Veteran British broadcaster dies

Published October 31, 2011

FILE In this Sunday Sept. 18, 2005 file photo Vera Lynn and Jimmy Saville, right are seen at the unveiling of a contemporary sculpture at Victoria Embankment in central London to mark the 65th anniversary of the Battle of Britain. - AP Photo

LONDON: Jimmy Savile, a veteran British broadcaster famed for his jangling jewellery, garish tracksuits and huge cigars, died on Saturday aged 84, police and his family said.

Platinum-haired Savile was one of the biggest stars on British radio and television from the 1960s to the 1980s and also raised huge sums for charity, while preserving an enigmatic private life.

His death came after he reportedly spent a spell in hospital earlier this month with suspected pneumonia.

Outside Savile's flat in Leeds, northern England, his nephew Roger Foster said he would be “sadly missed by many people.”

“Jimmy was a wonderful man, his public face is well known but we knew him as much more than an uncle, he was a very good friend,” Foster said.

West Yorkshire Police said they had been called to a house in Leeds and found the body of a man in his 80s, adding that there were “no suspicious circumstances surrounding the death.”

Savile started out as a coal miner in Yorkshire, where he was born in 1926, the youngest of seven children. But injuries sustained during an underground explosion forced him out of mining and he went on to work as a club and radio DJ.

In 1964 he became the first presenter of “Top of the Pops”, Britain's top television chart show. Savile presented the prime-time programme throughout the 1960s and 1970s and returned for the programme's final edition in 2006.

Many Britons also remember him fondly for his long-running television show “Jim'll Fix It”, where he made the modest dreams of young viewers come true each week before presenting them with a big red badge.

In one classic clip Savile arranged for a group of Cub Scouts to eat a packed lunch of sandwiches and juice on board a roller-coaster, with predictably messy results.

The show ran on the BBC from 1975 to 1994. His catchphrases including “Now then, now then boys and girls” and “How's about that then?” were recited across playgrounds in Britain at the time.

In his later years, the eccentric bachelor committed himself to charity, running 200 marathons and raising a reported 40 million pounds for good causes, including a large amount for a hospital for spinal injury patients.

He was knighted for his charitable work in 1990. But in a series of interviews in later life he revealed a somewhat lonely lifestyle, living in a flat with suede-lined walls that had been preserved as a shrine to his late mother, completed with a wardrobe of all her clothes.

He also claimed he had never been in love.
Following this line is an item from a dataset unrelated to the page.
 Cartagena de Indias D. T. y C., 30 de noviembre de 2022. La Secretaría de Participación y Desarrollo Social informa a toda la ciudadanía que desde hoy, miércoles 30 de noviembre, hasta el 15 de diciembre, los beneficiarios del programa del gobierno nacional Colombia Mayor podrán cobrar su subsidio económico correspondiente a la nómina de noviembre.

In a radio interview with a psychologist he said when asked about his feelings: “I haven't got any emotions ... Feelings aren't logic.”
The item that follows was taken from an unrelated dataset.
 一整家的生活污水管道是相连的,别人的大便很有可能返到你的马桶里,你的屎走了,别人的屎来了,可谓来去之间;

But he struck up a rapport with Britain's royal family and was reportedly used as an intermediary during the troubled marriage of Prince Charles and the late Princess Diana.
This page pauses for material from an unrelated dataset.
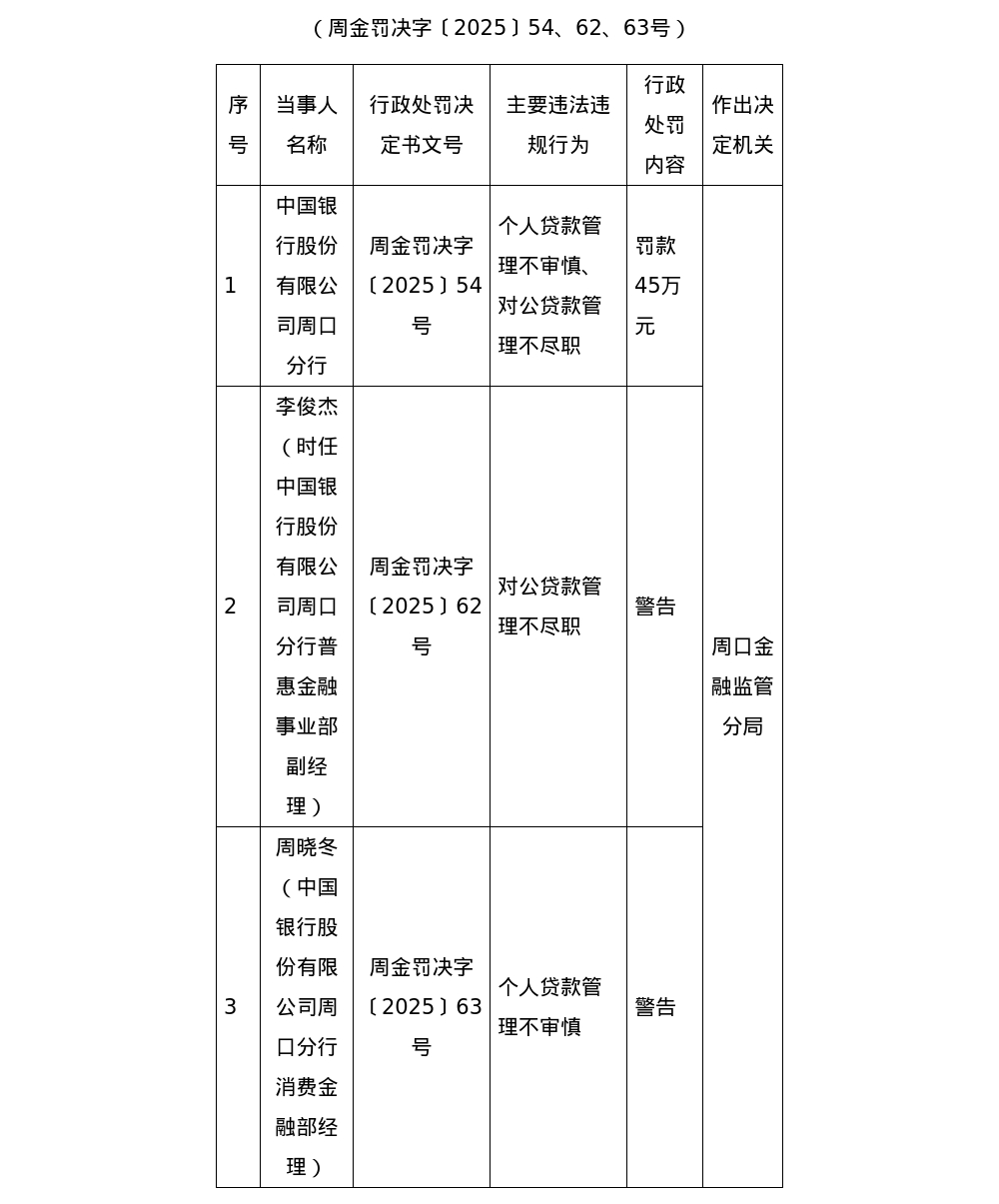 针对上述违法违规行为,国家金融监督管理总局周口监管分局对其罚款45万元;对时任中国银行股份有限公司周口分行普惠金融事业部副经理李俊杰、消费金融部经理周晓冬,分别给予警告。

A spokesman for Clarence House, the office of Prince Charles and his second wife Camilla, said they were “saddened to hear of Jimmy Savile's death and their thoughts are with his family at this time.”

BBC director general Mark Thompson also paid tribute. “From Top Of The Pops to Jim'll Fix It, Jimmy's unique style entertained generations of BBC audiences. Like millions of viewers and listeners we shall miss him greatly,” Thompson said.